Cardio and aerobic exercise is often touted as the optimum option for losing weight, but resistance training can actually help you lose the weight and keep it off. Resistance training creates lean muscle mass, which increases the body's basal metabolic rate. Your basal metabolic rate (BMR) is the number of calories you would burn if you laid in bed all day long. Having a higher BMR basically turns your body into a more efficient metabolic machine, allowing it to deal with incoming calories more efficiently. The question of whether calories count or not certainly depends on the context of the question. Whether or not it is beneficial to have a more powerful BMR is not. For every pound of muscle you gain, you burn 30 to 50 more calories each day.

2. It Prevents Diseases Such as Heart Disease and Type 2 Diabetes

In addition to being an effective way to lose and keep weight off, resistance training also helps prevent a variety of diseases. By lowering body fat, decreasing blood pressure, and improving cholesterol, resistance training lowers the stress placed on the heart, preventing heart disease. It can also aid in preventing diabetes. One minute to an hour of resistance training a week can reduce the risk of type 2 diabetes by 12 per cent.

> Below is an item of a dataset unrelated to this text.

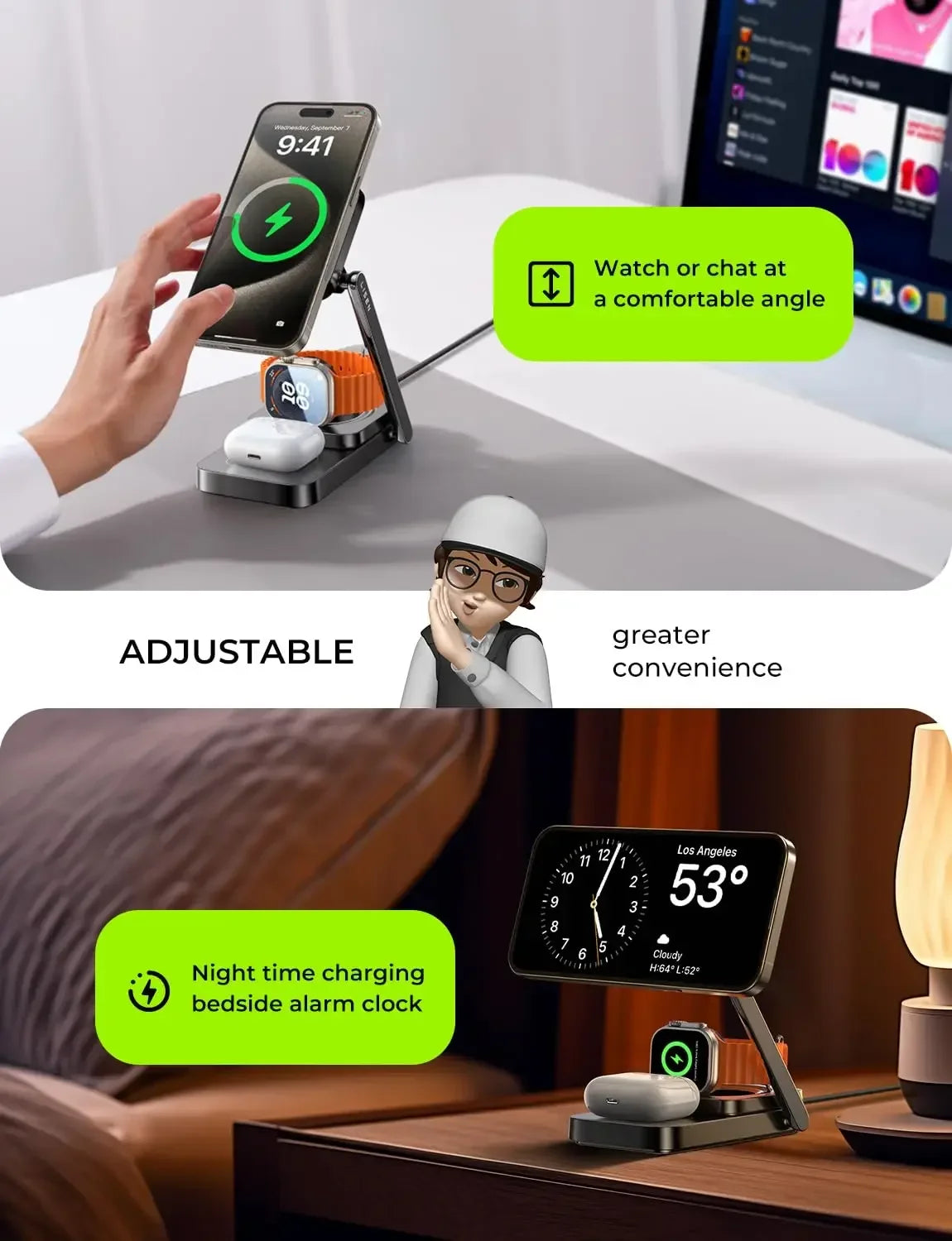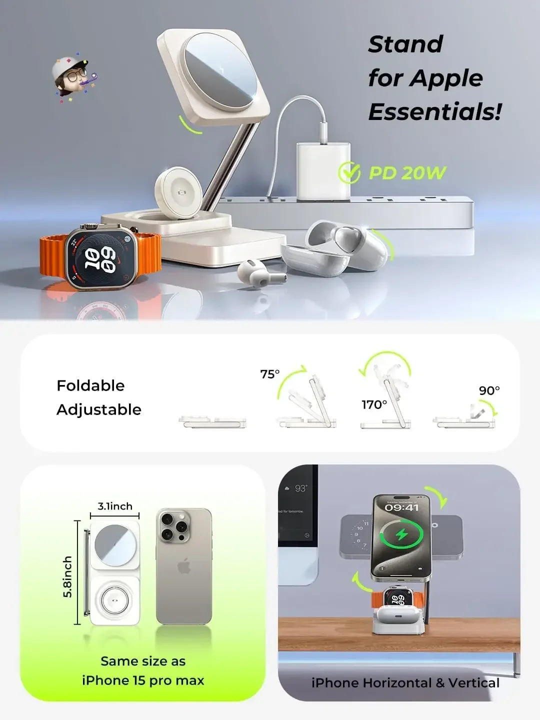 Compatible with iPhone 12 and later that supports MagSafe, Apple Watches (all series), and AirPods 2nd generation with wireless charging case and AirPods Pro

3. It Protects Muscle Mass and Bone Density

Without proper exercise, we begin to lose muscle mass as we age. Between the ages of 50 and 80, individuals can lose up to 15 per cent of their muscle mass per decade if they remain inactive, or even develop sarcopenia, a degenerative loss of skeletal muscle mass. Resistance training helps build and maintain muscle and helps protect muscle mass by improving bone density. It also decreases the risk of osteoporosis and can increase spinal bone mineral density.

4. It Prevents Injury and Builds Strength

Resistance training can also help prevent injuries, especially in the elderly. Resistance training strengthens not only your muscles, but your tendons and ligaments as well, meaning they will be less likely to give way under stress. Resistance training builds muscle around your knees and back, and will also reduce pain in these areas by promoting muscle growth.

5. It Can Make You Happier

In addition to making you leaner, stronger, and healthier, resistance training can also make you happier. Resistance training triggers a biochemical change in your brain that has the same effect as anti-depressants. It also boosts your self-esteem and helps you sleep better and counteract insomnia, allowing your everyday mood to improve.